— Data extracts —

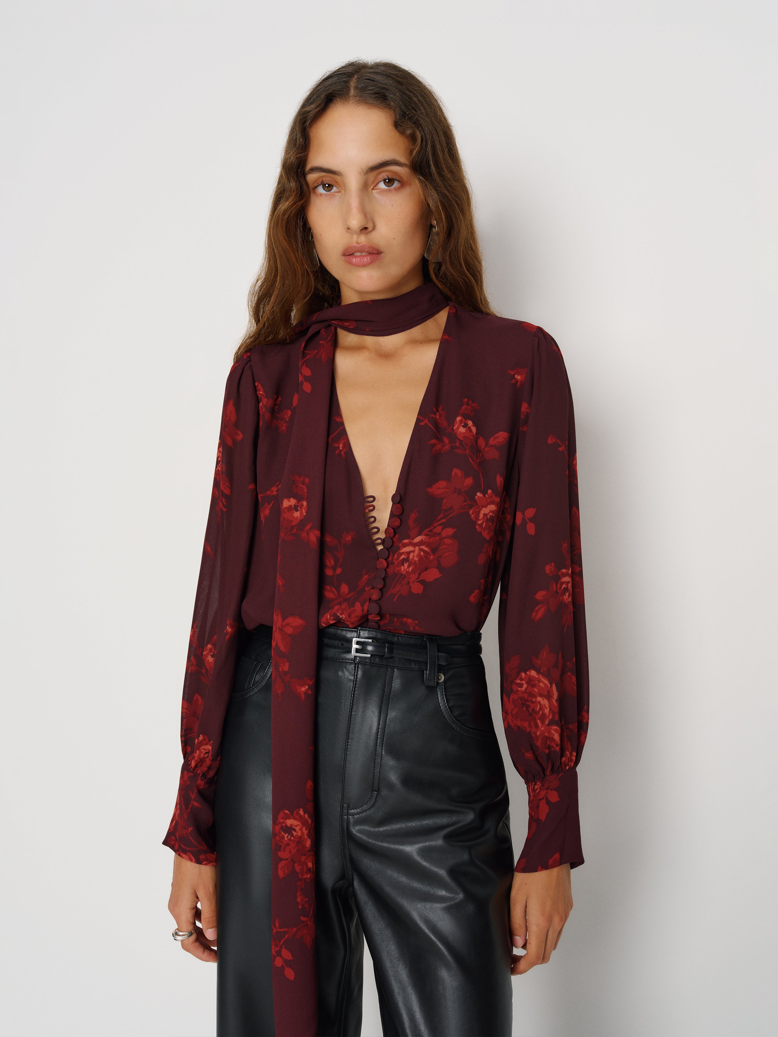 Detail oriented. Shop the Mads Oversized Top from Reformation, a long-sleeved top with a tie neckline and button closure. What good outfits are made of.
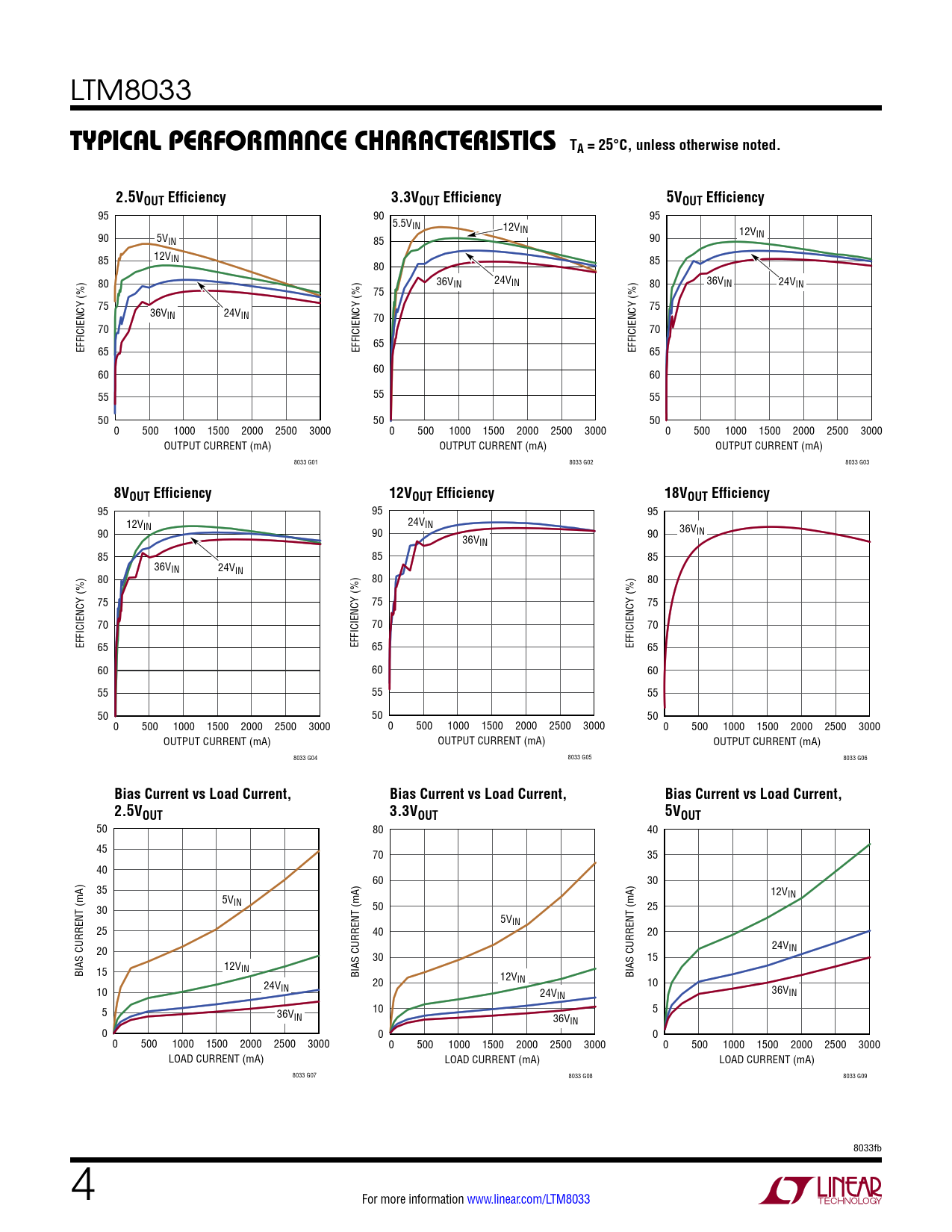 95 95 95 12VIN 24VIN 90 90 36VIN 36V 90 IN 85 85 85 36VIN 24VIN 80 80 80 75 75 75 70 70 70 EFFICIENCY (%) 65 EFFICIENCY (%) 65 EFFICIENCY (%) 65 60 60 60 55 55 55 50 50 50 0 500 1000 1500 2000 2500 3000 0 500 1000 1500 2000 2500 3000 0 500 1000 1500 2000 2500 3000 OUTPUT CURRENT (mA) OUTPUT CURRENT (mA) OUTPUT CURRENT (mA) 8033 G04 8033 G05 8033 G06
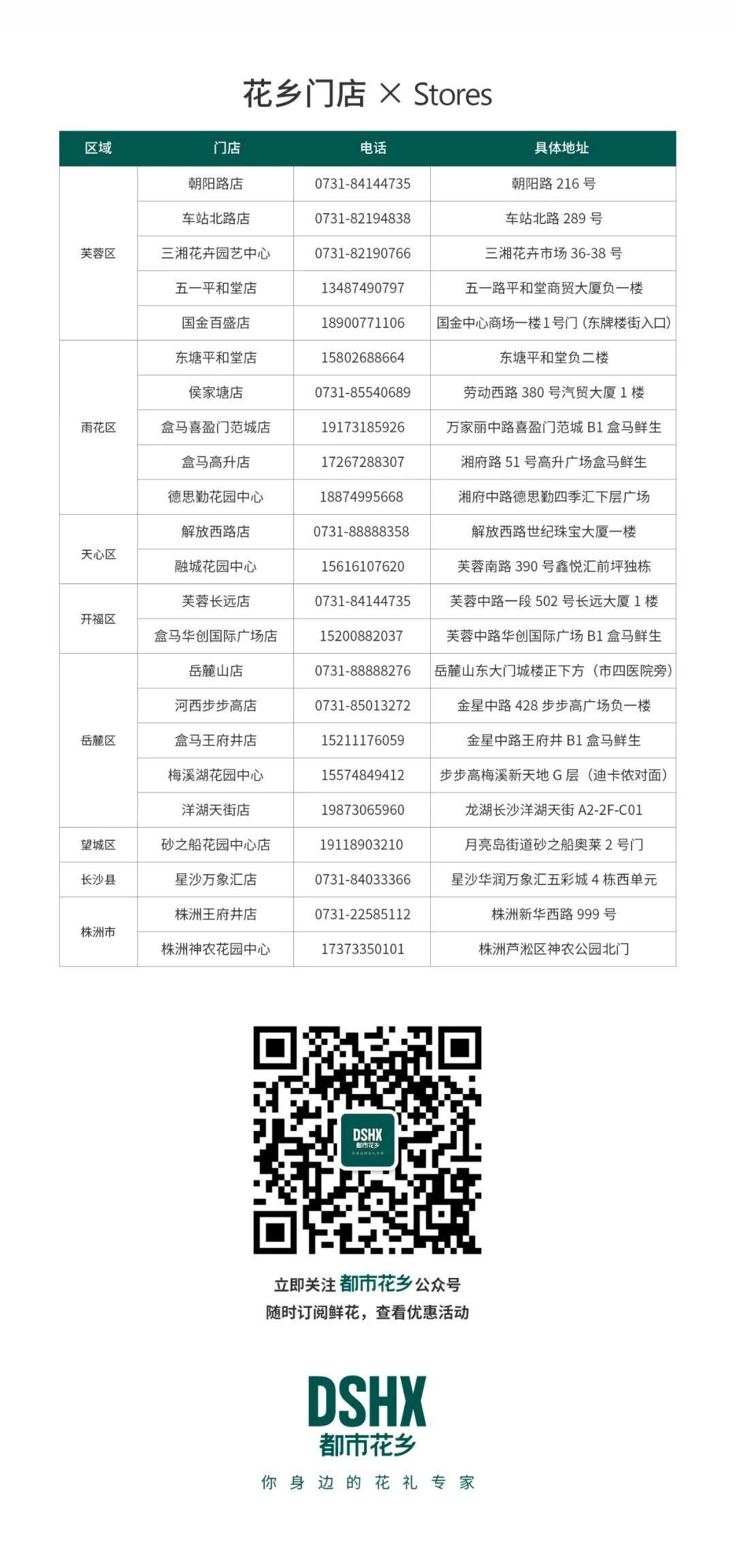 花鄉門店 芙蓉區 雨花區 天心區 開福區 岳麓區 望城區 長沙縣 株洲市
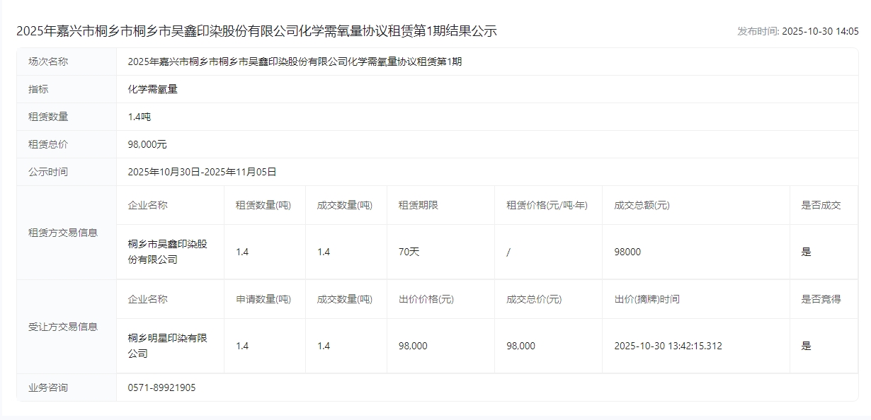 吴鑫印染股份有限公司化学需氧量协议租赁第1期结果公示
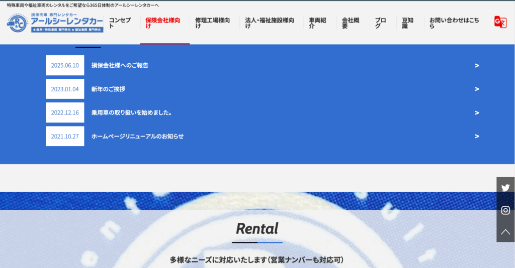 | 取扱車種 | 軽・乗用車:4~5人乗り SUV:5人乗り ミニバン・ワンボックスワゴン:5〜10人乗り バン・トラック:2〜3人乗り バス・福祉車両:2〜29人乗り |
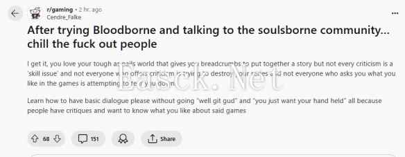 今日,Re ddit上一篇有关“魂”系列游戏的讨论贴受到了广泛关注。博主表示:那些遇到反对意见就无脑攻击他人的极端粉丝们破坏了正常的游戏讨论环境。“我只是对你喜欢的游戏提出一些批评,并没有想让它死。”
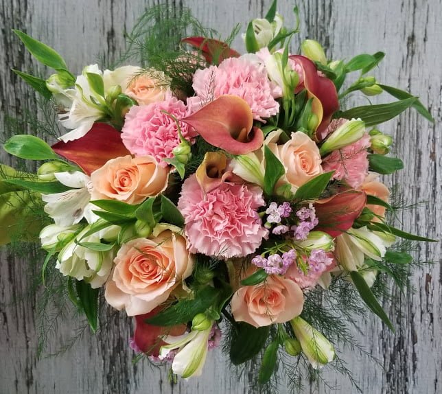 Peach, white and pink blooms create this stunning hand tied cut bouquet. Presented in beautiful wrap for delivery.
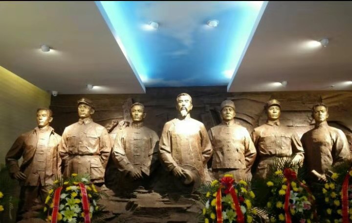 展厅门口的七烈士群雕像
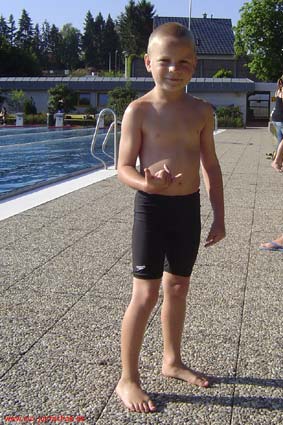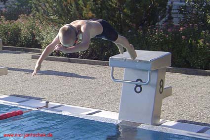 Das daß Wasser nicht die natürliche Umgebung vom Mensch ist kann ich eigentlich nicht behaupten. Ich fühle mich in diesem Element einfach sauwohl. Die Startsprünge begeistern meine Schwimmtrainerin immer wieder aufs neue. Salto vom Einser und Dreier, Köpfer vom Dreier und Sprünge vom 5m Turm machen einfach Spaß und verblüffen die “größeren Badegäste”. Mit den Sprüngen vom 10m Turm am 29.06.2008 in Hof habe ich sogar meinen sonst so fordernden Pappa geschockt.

— Task goal —
Your copy should match the records above exactly, except that it contains no pictures.

— Solution below —
 Detail oriented. Shop the Mads Oversized Top from Reformation, a long-sleeved top with a tie neckline and button closure. What good outfits are made of.
 95 95 95 12VIN 24VIN 90 90 36VIN 36V 90 IN 85 85 85 36VIN 24VIN 80 80 80 75 75 75 70 70 70 EFFICIENCY (%) 65 EFFICIENCY (%) 65 EFFICIENCY (%) 65 60 60 60 55 55 55 50 50 50 0 500 1000 1500 2000 2500 3000 0 500 1000 1500 2000 2500 3000 0 500 1000 1500 2000 2500 3000 OUTPUT CURRENT (mA) OUTPUT CURRENT (mA) OUTPUT CURRENT (mA) 8033 G04 8033 G05 8033 G06
 花鄉門店 芙蓉區 雨花區 天心區 開福區 岳麓區 望城區 長沙縣 株洲市
 吴鑫印染股份有限公司化学需氧量协议租赁第1期结果公示
 | 取扱車種 | 軽・乗用車:4~5人乗り SUV:5人乗り ミニバン・ワンボックスワゴン:5〜10人乗り バン・トラック:2〜3人乗り バス・福祉車両:2〜29人乗り |
 今日,Re ddit上一篇有关“魂”系列游戏的讨论贴受到了广泛关注。博主表示:那些遇到反对意见就无脑攻击他人的极端粉丝们破坏了正常的游戏讨论环境。“我只是对你喜欢的游戏提出一些批评,并没有想让它死。”
 Peach, white and pink blooms create this stunning hand tied cut bouquet. Presented in beautiful wrap for delivery.
 展厅门口的七烈士群雕像
 Das daß Wasser nicht die natürliche Umgebung vom Mensch ist kann ich eigentlich nicht behaupten. Ich fühle mich in diesem Element einfach sauwohl. Die Startsprünge begeistern meine Schwimmtrainerin immer wieder aufs neue. Salto vom Einser und Dreier, Köpfer vom Dreier und Sprünge vom 5m Turm machen einfach Spaß und verblüffen die “größeren Badegäste”. Mit den Sprüngen vom 10m Turm am 29.06.2008 in Hof habe ich sogar meinen sonst so fordernden Pappa geschockt.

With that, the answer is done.